How to use SSL / HTTPS effectively in your PHP website

So, you’ve got a big website with thousands of members, it brings in $50 a day, and your community couldn’t be happier. What could be better? HTTPS could be better.

There’s just something so exciting about that little padlock appearing beside your domain name. To your customers it shows that you care about their online safety, and that you want them to feel safe.

But, HTTPS can be a complete pain to code, and many people go about it completely the wrong way. So here’s my entry to help those of you struggling with integrating HTTPS in PHP.

Look to the right – wouldn’t you feel safer seeing padlocks everywhere? Your customers would too. But it really doesn’t need to be everywhere. If you served 100,000 pages a day, chances are only 1,000 of those pages need to be served securely.
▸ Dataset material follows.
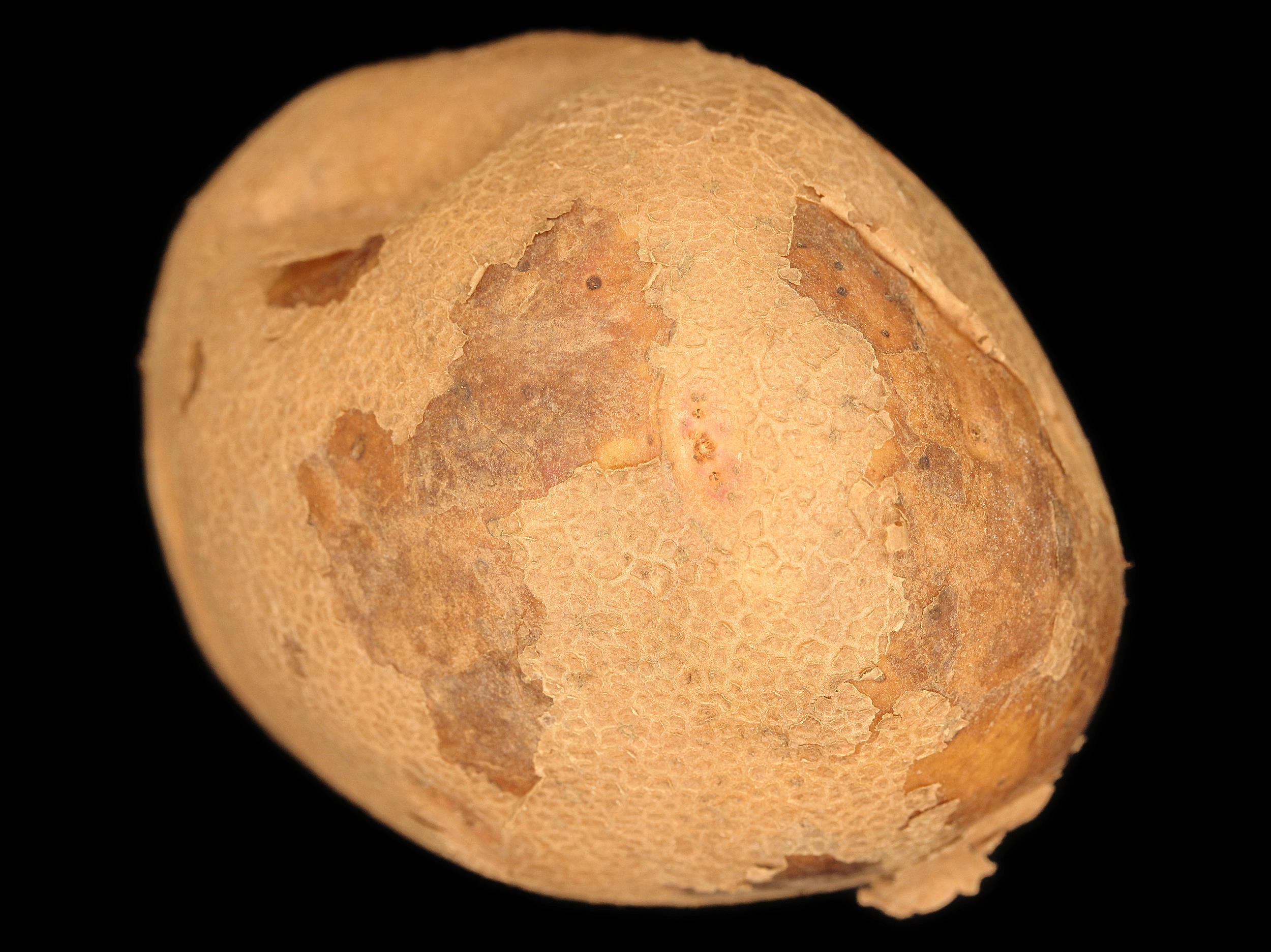 Un tubercule de pomme de terre provenant d’un champ montre de fines pelures qui se détachent en grandes plaques de quelques centimètres dans la région de la couronne. Les tissus deviennent bruns peu de temps après le pelage. La zone limitrophe des dommages est bien nette. Sous les dommages, la chair et les vaisseaux conducteurs du talon sont intacts (non visible ici). Ce symptôme est caractéristique du pelage et se manifeste à la récolte sur des tubercules immatures dont le périderme n’est pas complètement subérisé.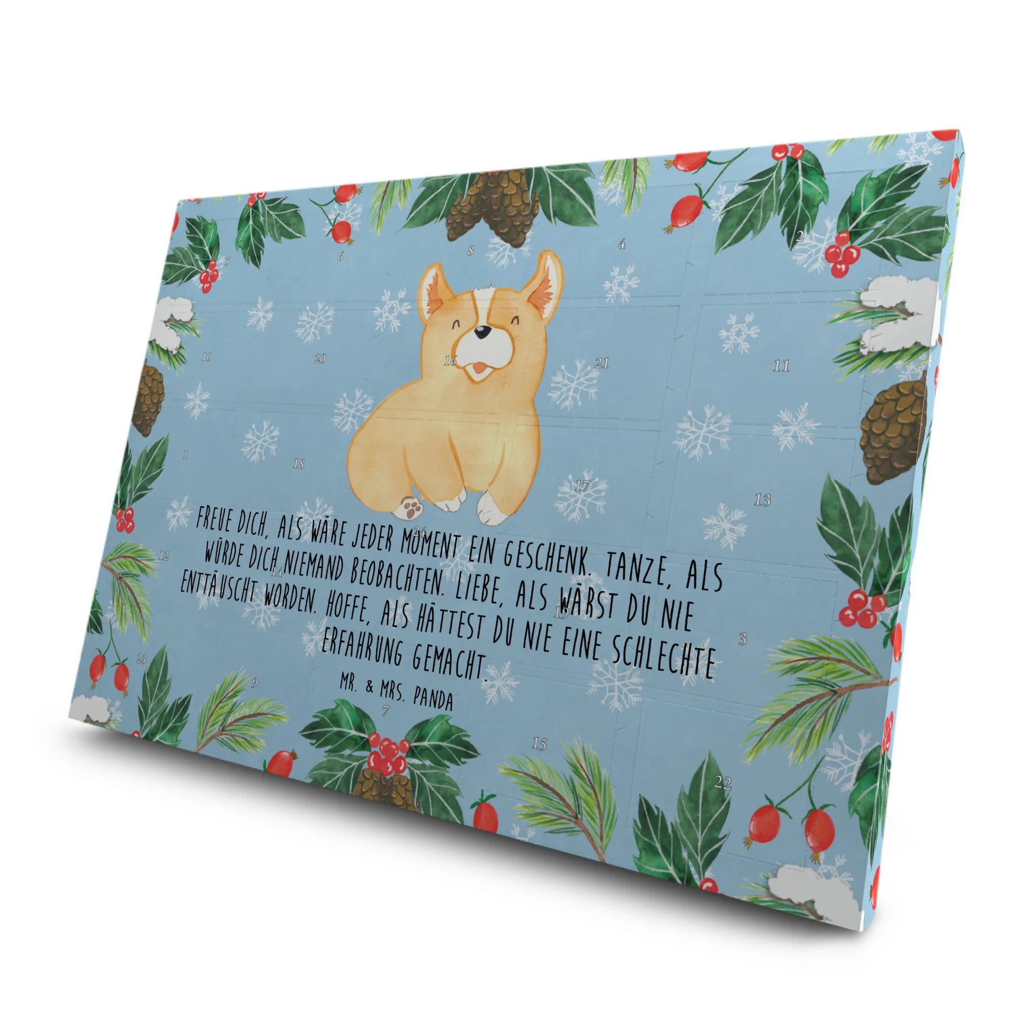 Du suchst das perfekte Adventsgeschenk? Unser Tee Adventskalender Corgie aus der Hunde Kollektion von Mr. & Mrs. Panda verbindet niedliches Design mit köstlichem Tee-Genuss. Der zauberhafte Welsh Corgi Pembroke in Aquarell und das eisblaue Farbschema zaubern sofort ein Lächeln auf jedes Gesicht. 💙

If we were running a shop front, selling computer parts, this is how the user’s actions would look in an ideal world:

1. User types in www.yourshop.co.uk and presses enter.
2. They type ‘computer monitor lead’ into the search box and hit enter.
3. They see that you have a wide range of leads available and spot the one they want. So they click ‘Add To Cart’.
4. They notice a cool TV Tuner in the similar items section, so they click that. Then they click ‘Add To Cart’ again.
5. Now they’ve had enough of running up a bill, so they click ‘Checkout’.
6. They type in their details, such as their first name, last name and address.
7. They fill in their credit card numbers.
8. They click Process and wait.
9. Your site serves them with the Checkout Complete page.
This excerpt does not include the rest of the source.